Re: [asterisk-ss7] KNK SS7-27 - first experiences - part 1

2013-06-25 Thread Johann Steinwendtner

On 2013-06-25 14:56, Marcelo Pacheco wrote:

What code are you using ?
Is this not stock libss7 ? Stock libss7 can't decode ISUP SUS/RES like that.

In my code, I explicitly ignore ALL SUS / RES, they have no needed
processing associated with Brazilian ISUP.

Asterisk and kernel dahdi version ?

If you enable dahdi_pcap:
# dahdi_pcap -c 16 -f /tmp/mycap.ss7
Capturing protocol mtp2 on channels 16 to file /tmp/mycap.ss7
Packets captured: 7

Then you can analyze the capture in wireshark / ethereal.
But it has one bug, if you shutdown the owner of the link while
dahdi_pcap is running, the system will reset on its own.
As long as you don't leave dahdi_pcap running around, its not a problem.

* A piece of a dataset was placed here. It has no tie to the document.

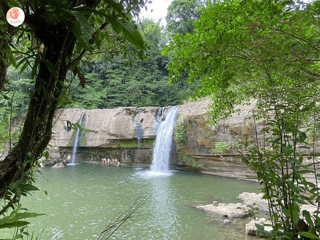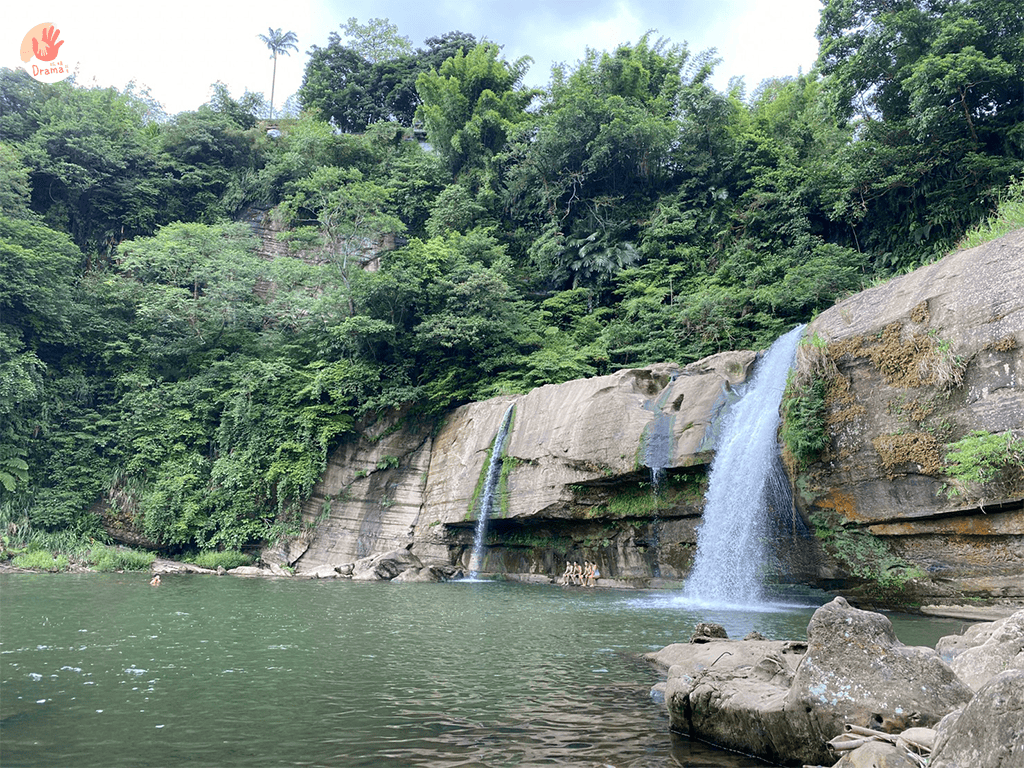 [嶺腳瀑布] 這邊的水較深,不適合小童玩水,我們這天來訪,看到好幾個青年,游到瀑布底下坐一排,整個就聞到滿滿的熱血,這畫面叫青春呀!

Which hardware for your E1's are you guys using ? I have seen this nasty 
behaviour
on Sangoma cards only.

Where to report problems for this  KNK SS7-27  branch ? Jira or this list ?

Thanks Hans


--
_
-- Bandwidth and Colocation Provided by http://www.api-digital.com --

asterisk-ss7 mailing list
To UNSUBSCRIBE or update options visit:
  http://lists.digium.com/mailman/listinfo/asterisk-ss7


Re: [asterisk-ss7] KNK SS7-27 - first experiences - part 1

2013-06-25 Thread Pavel Troller
Hello Marcelo,

 What code are you using ?
 Is this not stock libss7 ? Stock libss7 can't decode ISUP SUS/RES like that.

No, it's not stock libss7. It's written in the subject, as well as in my first
sentence in the first post. It's a special branch, available for both Asterisk
and libsss7 (version 2), which must be applied together. And when I started
playing with it, I was told that I can post my experiences/problems to this ML,
which is what I just did. But you are still the only one who responded to me.

 
 In my code, I explicitly ignore ALL SUS / RES, they have no needed
 processing associated with Brazilian ISUP.

We have SUS/RES in Czech Republic in the national ISUP spec, so we must
handle it properly. However, it's not just problem with SUS, this problem
may appear at any time, when A-side clears down, while a MSU from B-side
(any obvious MSU like ACM, ANM, CON, CPG...) is already underway. 

 
 Asterisk and kernel dahdi version ?

Asterisk 11 branch, dahdi kernel the last state available from SVN (they now
moved to git and I still didn't adapt my working copy, as I also have many
private patches in it and it will be a pain to incorporate them to my local
git repo).

 
 If you enable dahdi_pcap:
 # dahdi_pcap -c 16 -f /tmp/mycap.ss7
 Capturing protocol mtp2 on channels 16 to file /tmp/mycap.ss7
 Packets captured: 7
 
 Then you can analyze the capture in wireshark / ethereal.
 But it has one bug, if you shutdown the owner of the link while
 dahdi_pcap is running, the system will reset on its own.
 As long as you don't leave dahdi_pcap running around, its not a problem.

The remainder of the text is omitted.